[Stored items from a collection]
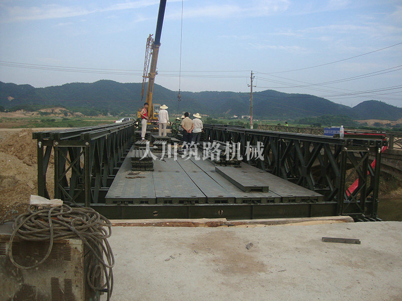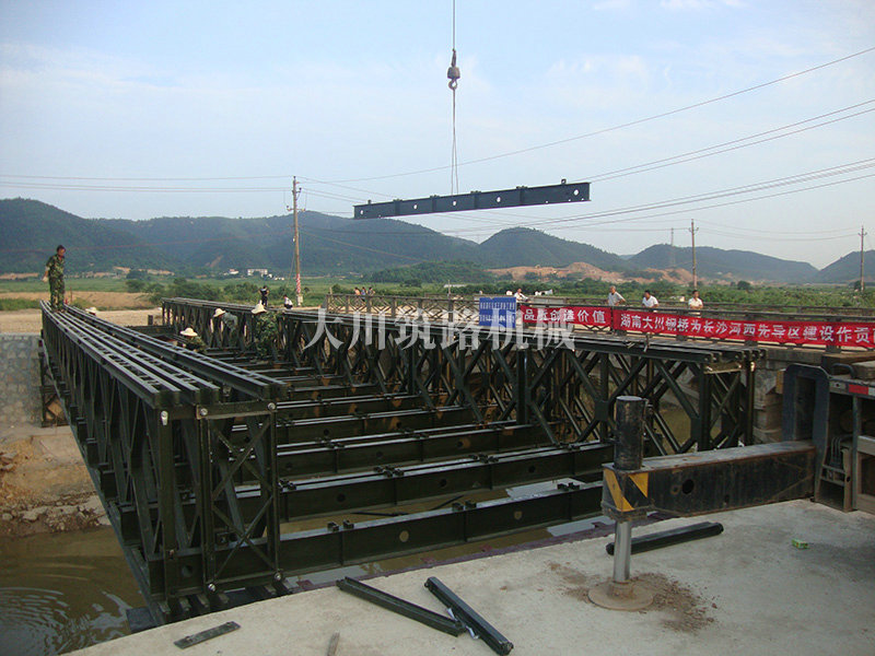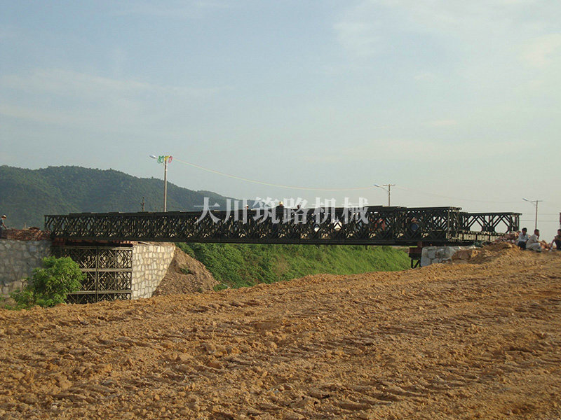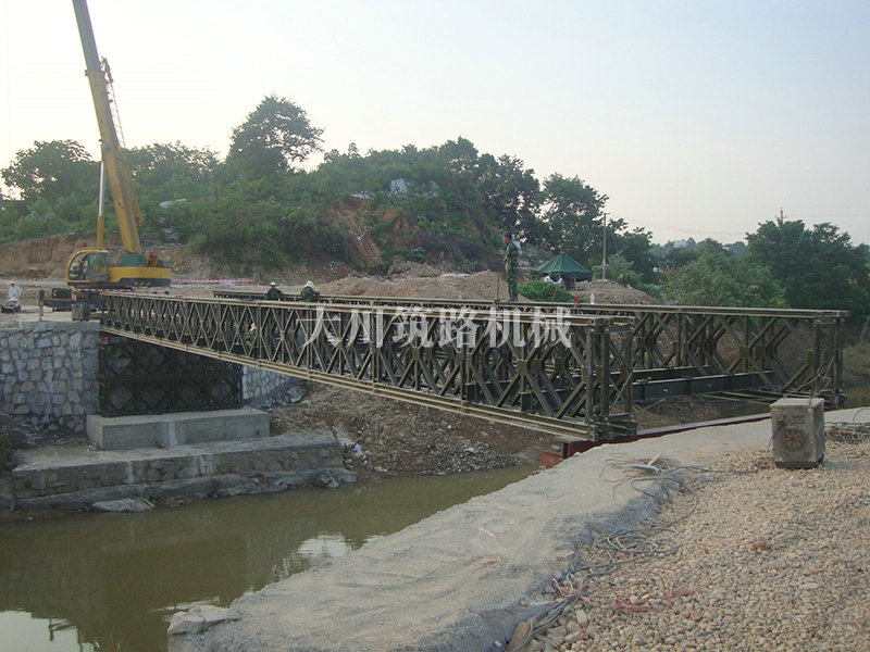 特點(diǎn):本鋼橋由國防科技大學(xué)全程指導(dǎo)和監(jiān)督安裝,滿足荷載80T施工車輛通行,因施工場地要求,采用貝雷梁組合式橋墩,安裝拆除方便,穩(wěn)定性好。采用推出法安裝,安裝周期20天,于2011年5月25日通車。
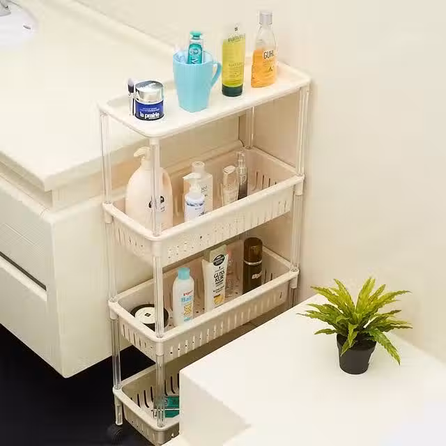 廚房衛生間夾縫置物收納架,放在小戶型衛生間夾縫處,不佔地,加大收納空間。置物架的鏤空設計,防潮透氣,更容易存放物品。
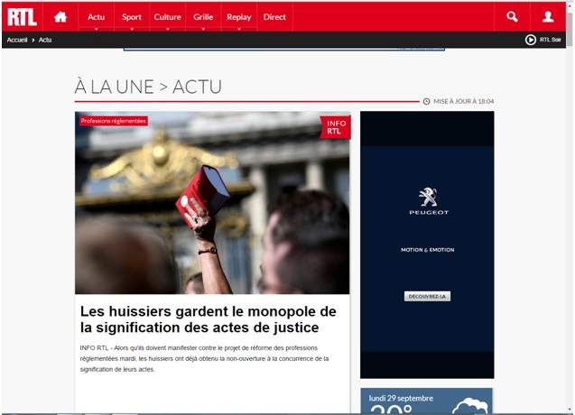 RTL : "Les huissiers gardent le monopole de la signification des actes de justice"
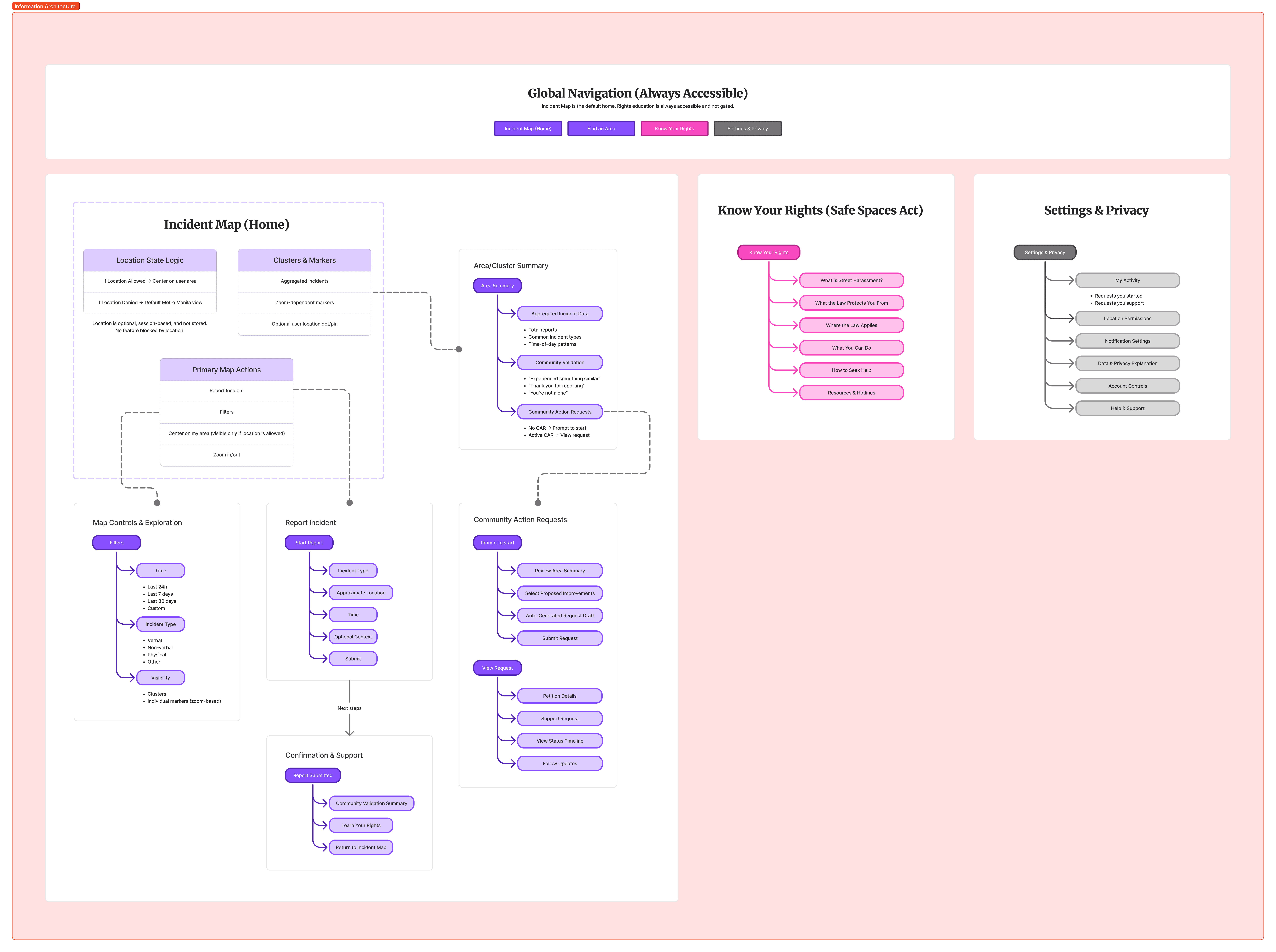 This project began as an academic exploration into how technology could support women experiencing street harassment. Early concepts included wearable-assisted reporting, evidence capture, and safety-oriented route guidance.
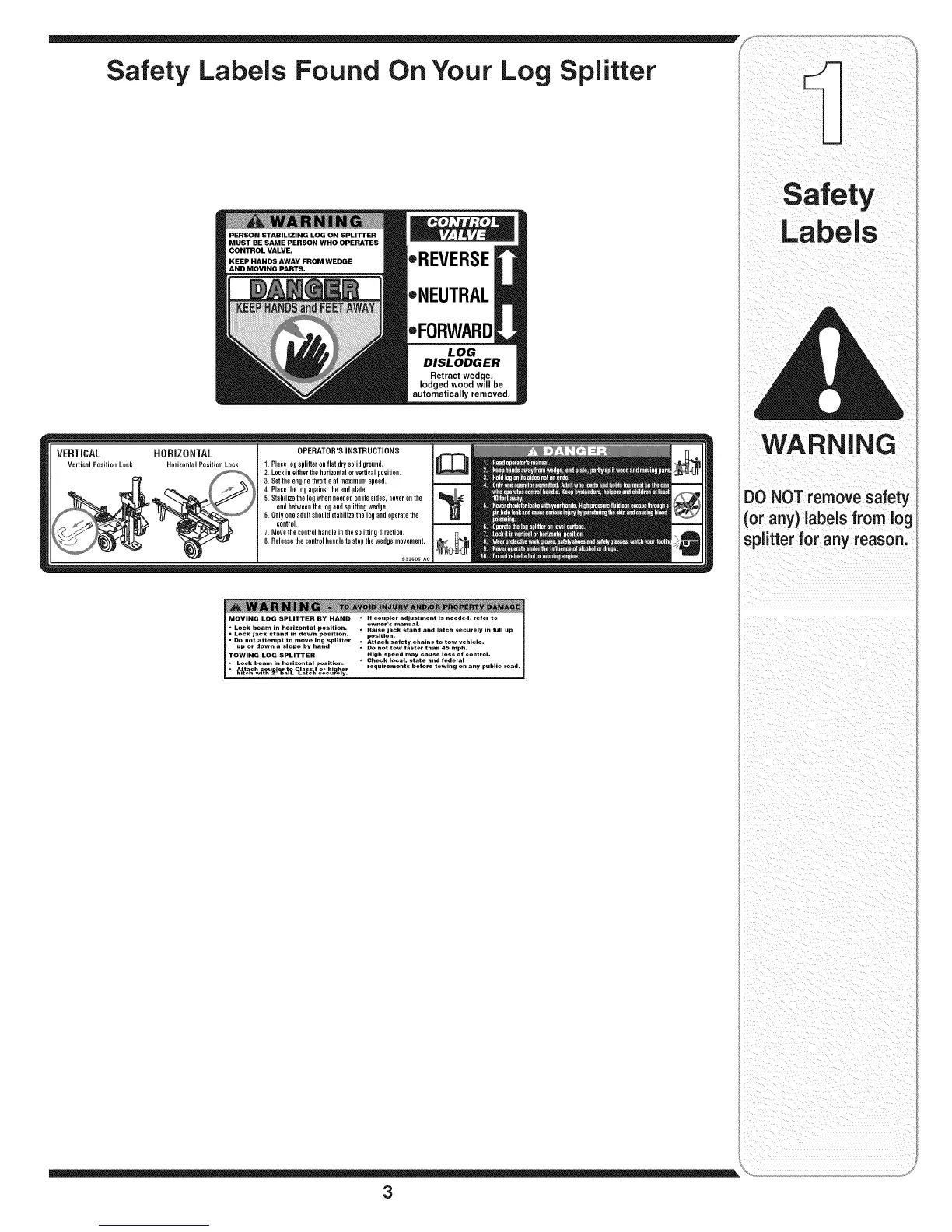 • Do not attempt to move log splitter . Attach safety ohains to tow vehiole,

Work instructions » Here the job is to copy the stretch of records from the line containing "廚房衛生間夾縫置物收納架,放" through the line containing "This project began", word for word. Leave every picture out.

Solution to this task »
 廚房衛生間夾縫置物收納架,放在小戶型衛生間夾縫處,不佔地,加大收納空間。置物架的鏤空設計,防潮透氣,更容易存放物品。
 RTL : "Les huissiers gardent le monopole de la signification des actes de justice"
 This project began as an academic exploration into how technology could support women experiencing street harassment. Early concepts included wearable-assisted reporting, evidence capture, and safety-oriented route guidance.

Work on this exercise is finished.